Wednesday, October 31, 2007

Driving & Investing Part II

I've previously written about this before, but it occurred to me recently, as I was weaving through traffic in Washington, DC, that I should elaborate on the similarities between good driving and good investing/trading. I've been working on this one, on and off, for months.

The key idea is probabilities.

Every maneuver I make, every lane change, everything is based on the probability of that maneuver benefiting me. Often (I would estimate 60 - 70% of the time), it does. The remainder of the time -- well, that's just the cost of doing business.
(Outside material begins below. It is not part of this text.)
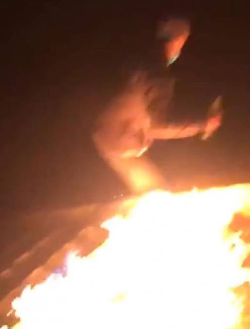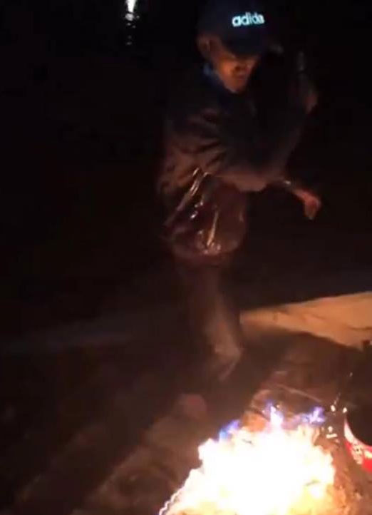 Qua quan sát hình ảnh ở clip có thể thấy rằng nam thanh niên đã mặc quần áo rất dày, sau đó tẩm xăng rồi tự tay châm lửa để thực hiện lời hứa của mình.

For example, we've got 4 lanes of road with 2 lanes in each direction. If I'm in the left lane with 5 people in front of me, there is at least a 1 in 5 chance (20%) chance that one of those people is turning left and will end up blocking the lane. That sucks. So I start looking for the tells - the brake lights, slowing traffic, people merging out to the right - that indicate that the probability has occurred or is occurring. Now, since I only have 2 lanes to work with, I have to also watch the right lane. The idea is that the right lane could have problems too, but are they as severe as the left lane's? If the right lane has a bus in it with an upcoming stop, there is a good chance (which I have no idea how to calculate) that the bus will stop. So now I am looking at the oncoming traffic, because if there is little or none, that guy turning left has a good chance of making his turn with little impact to me. Also, I'm looking for how much room that bus has to get out of the way (a shoulder or bus lane) giving me and others enough room to get around him when he stops.

Basically, I'm constantly calculating the probability of an event which impedes my forward progress. (Funny, just as I had started working on this piece again a few months ago, I noticed this post over at Accrued Interest. He then followed it up with this one which has more good stuff.) It all comes down to the probabilities of a given event occurring.
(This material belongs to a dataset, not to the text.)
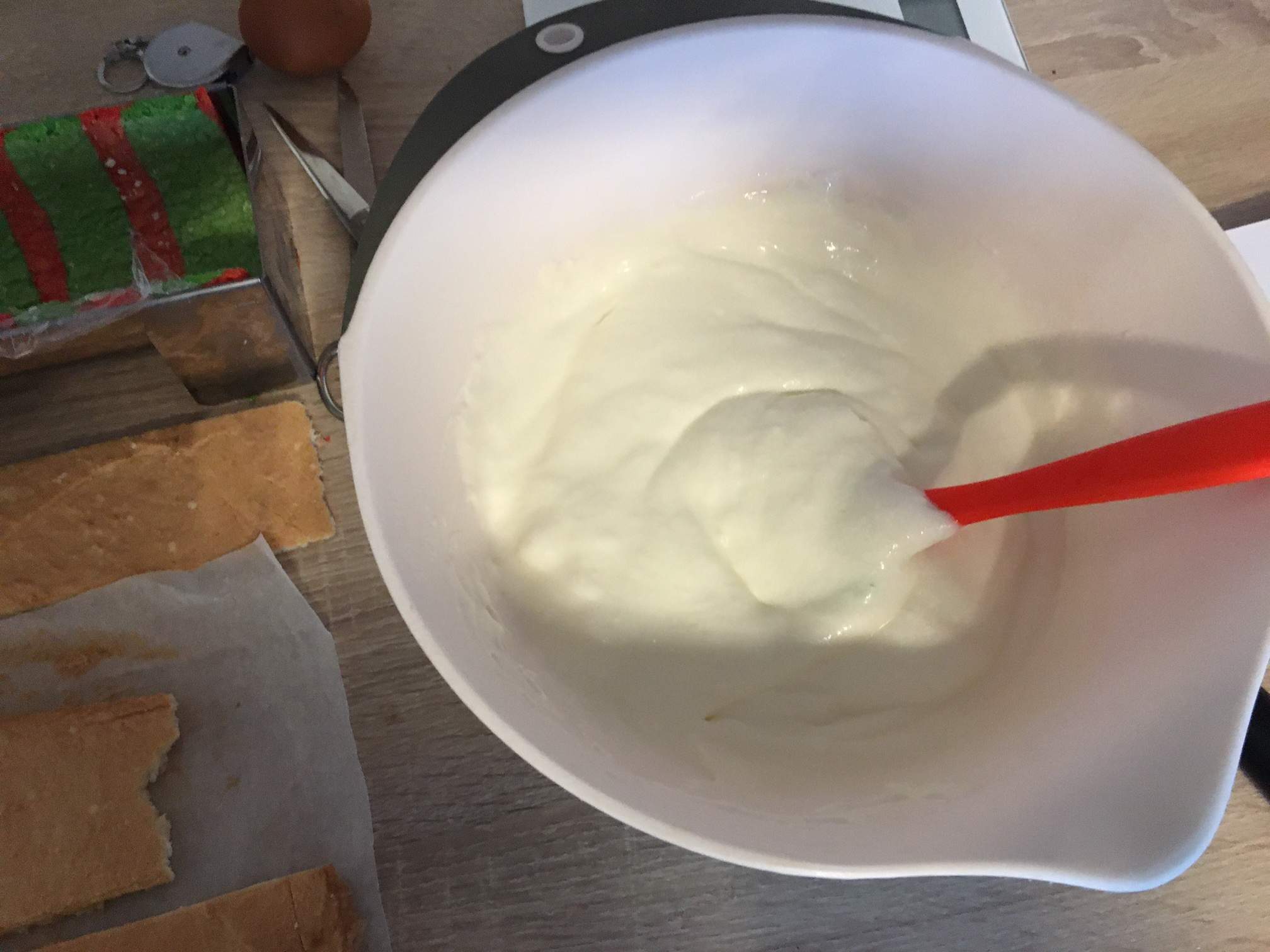 Le jour J Le biscuit cuillère Battre les blancs en neige en rajoutant le sucre Incorporer les jaunes et ensuite la farine Pocher à la douille plate 'chemin de fer' Cuire à 180° pendant 8 minutes Le biscuit citron Battre les blancs en neige en rajoutant le sucre Incorporer ensuite les poudres Etaler sur 1 Cm d'paisseur et cuire à 180° pendnat 15 minutes ( surveiller...)

The markets generate enough data to make somewhat better (more accurate) predictions, but nothing is EVER identical so we have to discern patterns from the data to help estimate probabilities of various outcomes. It can be done, even on an ad hoc basis, I think, much like navigating road traffic.

I'll have more on this topic in the future, and I plan to get into specific scenarios and their "market equivalents". I need to start thinking like a trader in my trading; I already do it in my driving.